Define an async search function. We use the `aquery()` function in Milvus vector store instance.

```
async def async_search(num_queries):
    start_time = time.time()
    tasks = []
    for _ in range(num_queries):
        query = VectorStoreQuery(
            query_embedding=[0.5] * (DIM - 1) + [0.6], similarity_top_k=3
        )
        task = vector_store.aquery(query=query)  # use aquery()
        tasks.append(task)
    results = await asyncio.gather(*tasks)
    end_time = time.time()
    return end_time - start_time
```

```
query_counts = [10, 100, 1000]
```

Asynchronously search from Milvus store.

```
for count in query_counts:


    async def measure_async_search():
        async_time = await async_search(count)
        print(
            f"Async search for {count} queries took {async_time:.2f} seconds"
        )
        return async_time


    loop.run_until_complete(measure_async_search())
```

```
Async search for 10 queries took 0.55 seconds
Async search for 100 queries took 1.39 seconds
Async search for 1000 queries took 8.81 seconds
```

#### Compare with synchronous search

Define a sync search function.

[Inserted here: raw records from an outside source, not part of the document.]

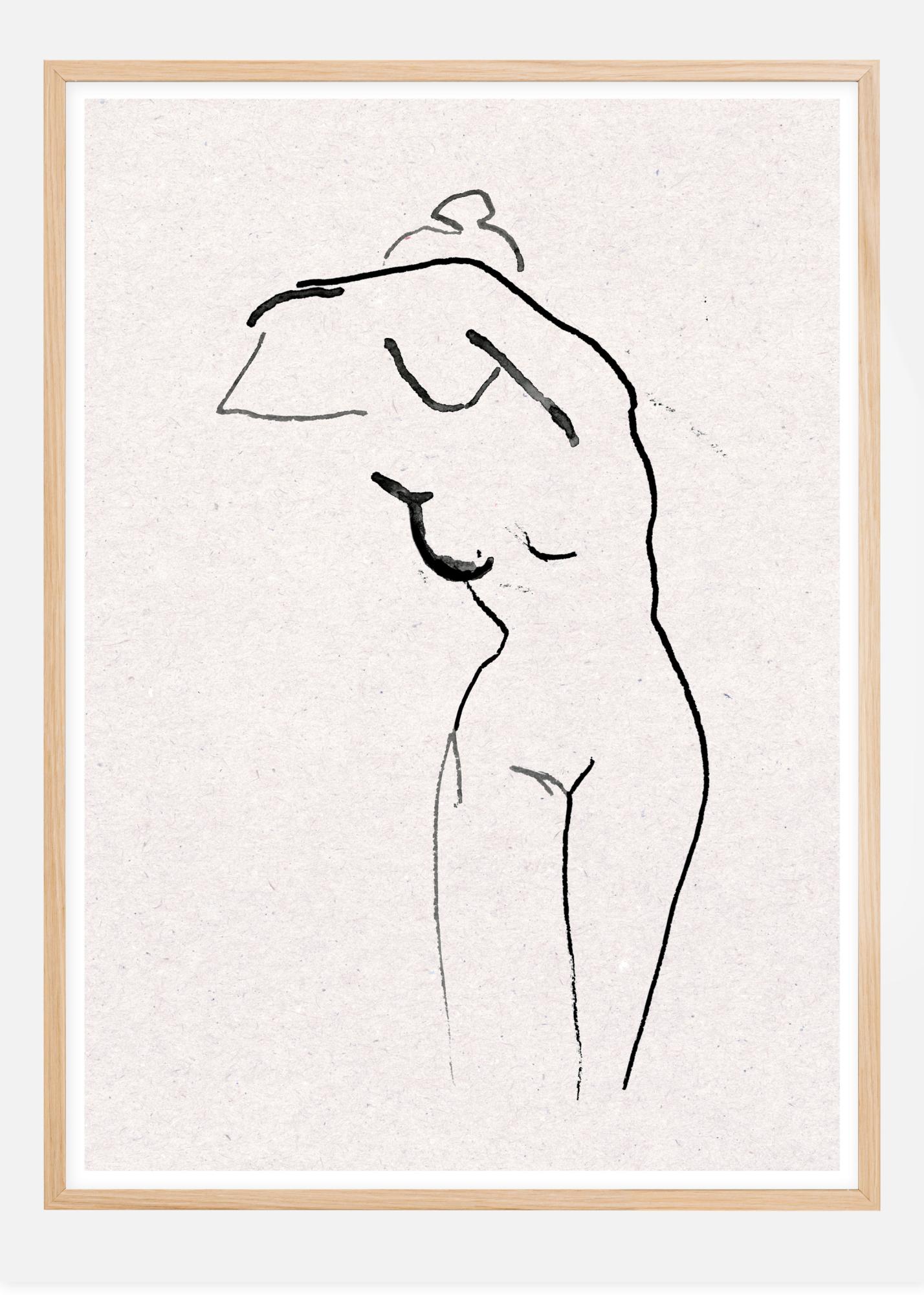 Графичен художествен плакат в акварел, създаден от Cora Art и Illustration. Тук се оформя женски силует в тънки черни линии върху светлосив фон. Финият мотив е заобиколен след това от малко по-тясна бяла паспарту.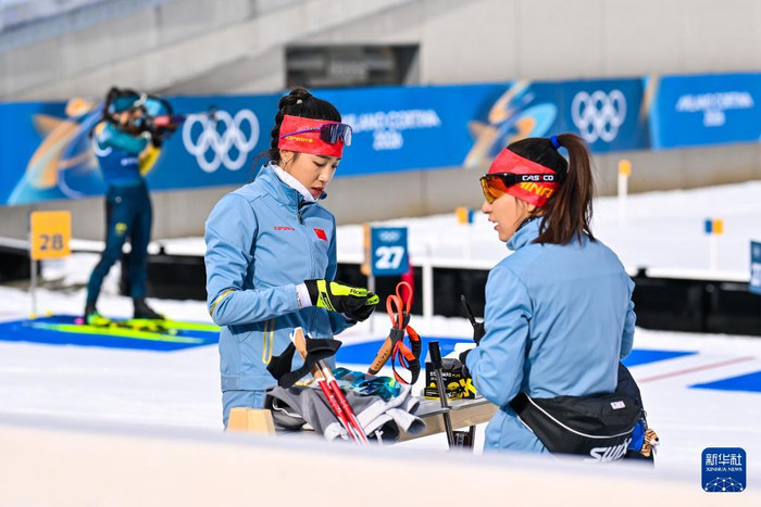 当地时间2月6日,中国冬季两项队在意大利安泰塞尔瓦冬季两项竞技场进行赛前训练,备战米兰-科尔蒂纳冬奥会冬季两项赛事。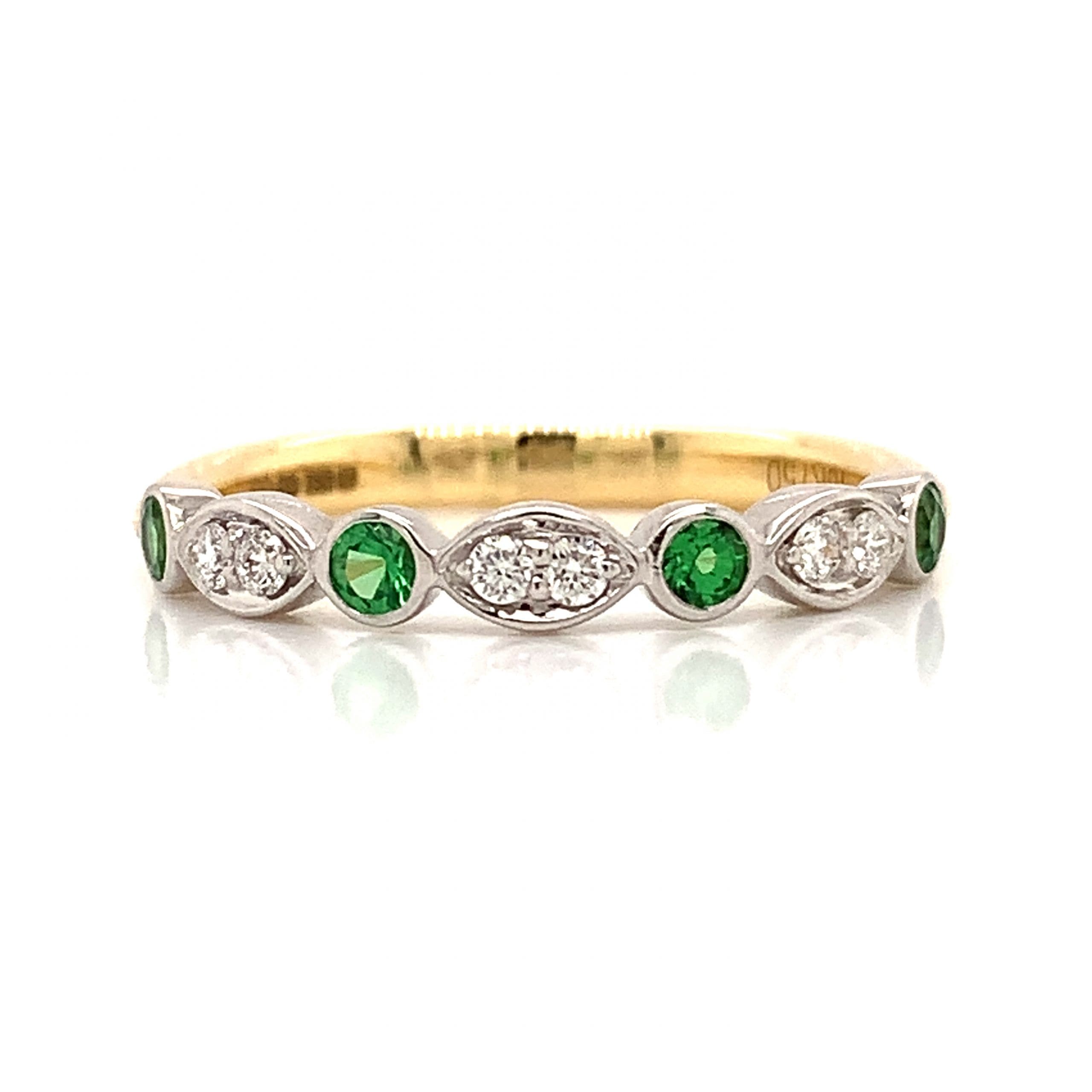 An elegantly shaped half eternity ring with four rub-over set round faceted tsavorites and six small brilliant cut diamonds grain set within elliptical elements. Made with a white gold setting and yellow gold ring shank.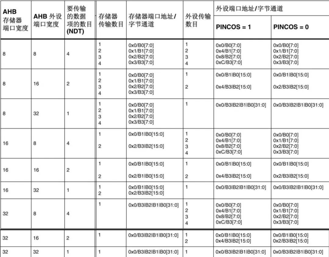 在 STM32F4xx 中,外设、存储器与 DMA 三者可能使用不同的数据宽度(8/16/32 bit)。为了让 DMA 能在任何宽度组合下正确搬运数据,手册给出一张 “可编程数据宽度、封装/解封、字节序” 速查表,用来说明 DMA 如何自动完成宽度对齐、数据打包与拆包。可编程数据宽度、封装/ 解封、字节序表如下: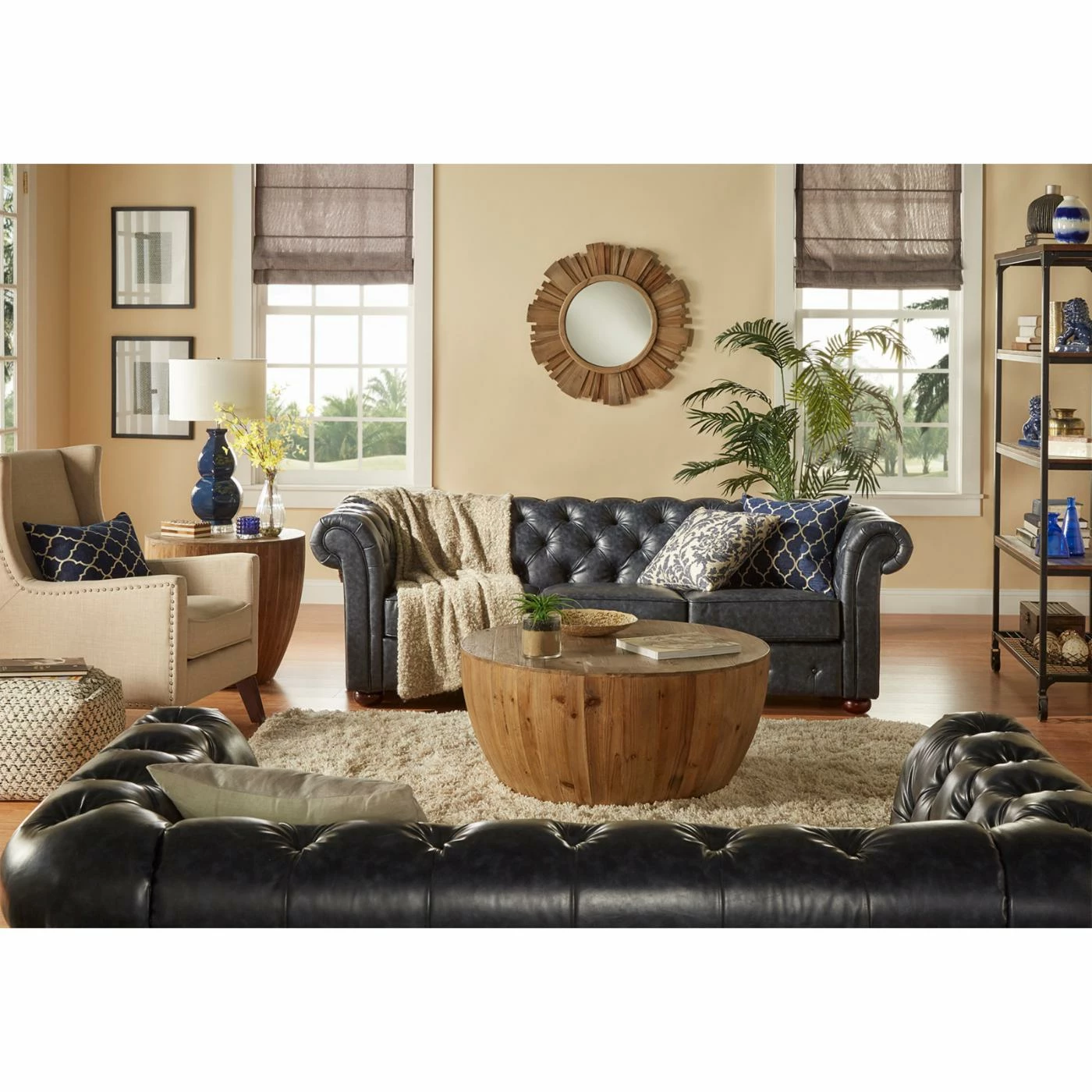 The Weston Home Adeline Southwestern Barrel Coffee Table works perfectly with your modern organic, rustic southwestern, or eclectic dΓ©cor. This generous round coffee table is built of reclaimed cedar planks in a natural finish that allows the character of the wood to shine. Its round shape fits neatly in front of your loveseat, sofa, or within your sectional.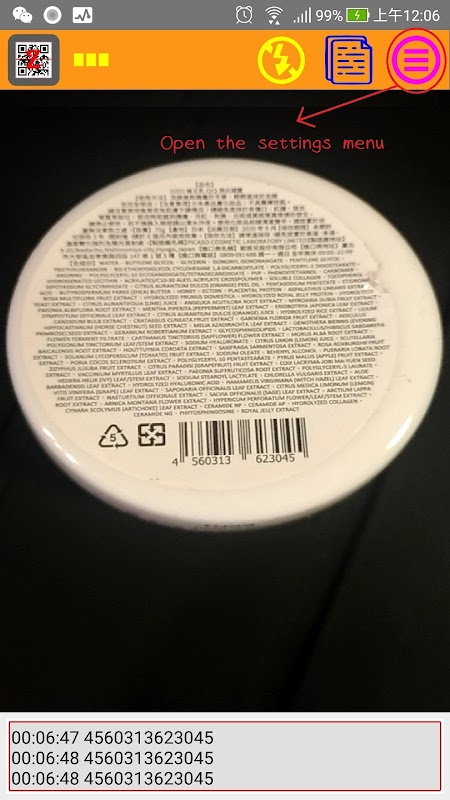 1. รูปแบบบาร์โค้ดที่รู้จัก: QR Code, Data Matrix, Aztec, PDF 417, ITF MaxiCode, Code 39, Code 93, Code 128, Codabar, UPC-A, UPC-E, EAN-8, EAN-13, UPC /EAN ,RSS-14, RSS-ขยาย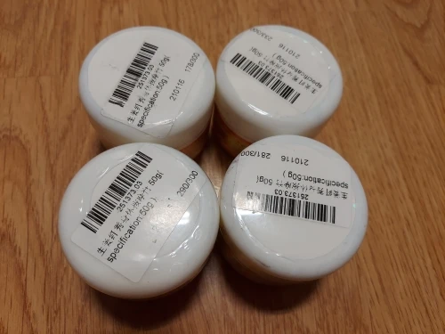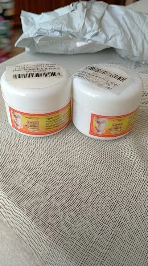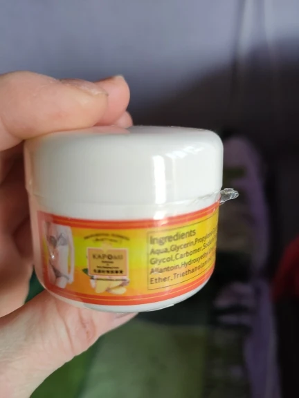 Мой пакет прибыл хорошо. Упаковано по мере необходимости, но меньше, чем я думал, но это 50 граммов заказанных. Горшок держится в полой руке в качестве образца. Плотно запечатанный и герметичный. Крем жидкий и очень хорошо пахнет. Я не могу ждать, чтобы проверить его. В зависимости от ингредиентов, указанных на этикетке горшка, продукт не является 100% естественным, это стыд. Все еще нужно проверить. Инструкции по использованию отсутствуют, но рекомендуется принять меры предосторожности в случае аллергии на определенные ингредиенты. В то же время, я рекомендую продавцу, который слушать.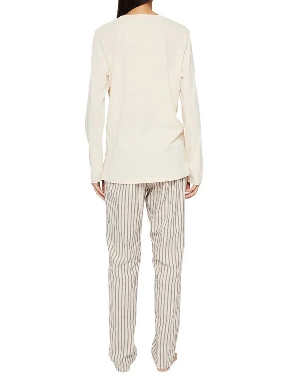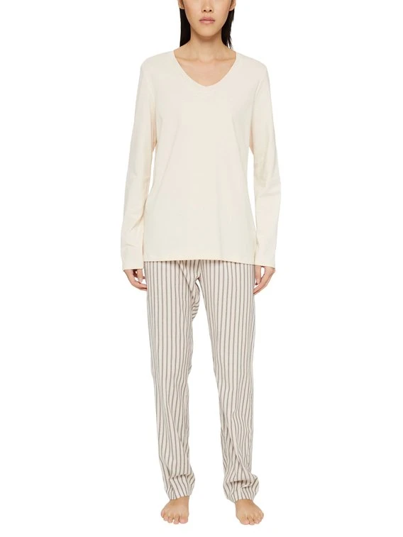 Weiche Baumwolle sorgt bei diesem Schlafanzug von ESPRIT für besten Schlafkomfort. Das Modell besteht aus einem locker geschnittenen Oberteil mit V-Ausschnitt, das unifarben designt wurde. Die Hose setzt mit ihrem Streifendesign einen schönen Kontrast. Zum Wohlfühlen!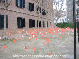 Disposición semiuniforme de banderolas, simulando un jardín de adelfas.

Then measure the running time under the same condition.

```
def sync_search(num_queries):
    start_time = time.time()
    for _ in range(num_queries):
        query = VectorStoreQuery(
            query_embedding=[0.5] * (DIM - 1) + [0.6], similarity_top_k=3
        )
        result = vector_store.query(query=query)
    end_time = time.time()
    return end_time - start_time
```

```
for count in query_counts:
    sync_time = sync_search(count)
    print(f"Sync search for {count} queries took {sync_time:.2f} seconds")
```

```
Sync search for 10 queries took 3.29 seconds
Sync search for 100 queries took 30.80 seconds
Sync search for 1000 queries took 308.80 seconds
```

The result shows that the sync search process is much slower than the async one.